US 11,987,236 B2
Monocular 3D object localization from temporal aggregation
Pan Ji, San Jose, CA (US); Buyu Liu, Cupertino, CA (US); Bingbing Zhuang, San Jose, CA (US); Manmohan Chandraker, Santa Clara, CA (US); and Xiangyu Chen, Ithaca, NY (US)
Assigned to NEC Corporation, Tokyo (JP)
Filed by NEC Laboratories America, Inc., Princeton, NJ (US)
Filed on Aug. 23, 2021, as Appl. No. 17/408,911.
Claims priority of provisional application 63/072,428, filed on Aug. 31, 2020.
Prior Publication US 2022/0063605 A1, Mar. 3, 2022
Int. Cl. G06K 9/00 (2022.01); B60W 30/09 (2012.01); B60W 30/095 (2012.01); G06F 18/21 (2023.01); G06T 7/215 (2017.01); G06T 7/246 (2017.01); G08G 1/16 (2006.01)

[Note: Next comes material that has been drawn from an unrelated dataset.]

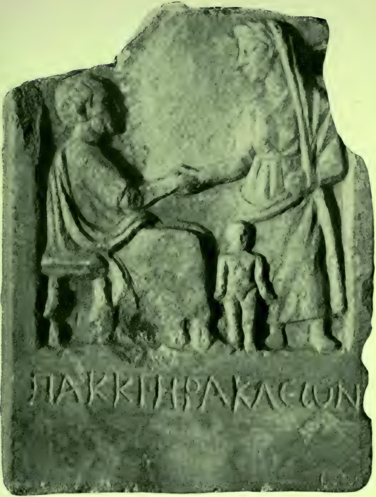
FUNERARY RELIEF (FRONT OF SLAB SHOWN IN PLATE VII)

CPC B60W 30/09 (2013.01) [B60W 30/0956 (2013.01); G06F 18/2193 (2023.01); G06T 7/215 (2017.01); G06T 7/251 (2017.01); G08G 1/166 (2013.01); B60W 2554/40 (2020.02); G06T 2207/20084 (2013.01); G06T 2207/30261 (2013.01)] 20 Claims
OG exemplary drawing
 
1. A computer-implemented method for three-dimensional (3D) object localization, comprising:
predicting, by a joint object detection mechanism that applies an optical flow model to two consecutive input monocular images, pairs of two-dimensional (2D) bounding boxes, each of the pairs corresponding to a respective one of detected objects in each of the two consecutive input monocular images;
generating, for each of the detected objects using geometric constraints, a relative motion estimation specifying a relative motion between the two consecutive input monocular images;
constructing an object cost volume by aggregating temporal features from the two consecutive input monocular images using the pairs of 2D bounding boxes and the relative motion estimation to predict a range of object depth candidates and a confidence score for each of the object depth candidates and an object depth from the object depth candidates;
updating, by a recurrent refinement loop of a Gated Recurrent Unit (GRU), the relative motion estimation based on the object cost volume and the object depth to provide a refined object motion and a refined object depth; and
reconstructing a 3D bounding box for each of the detected objects based on the refined object motion and the refined object depth, the 3D bounding box predicting a 3D object size, a 3D object position and an object yaw angle.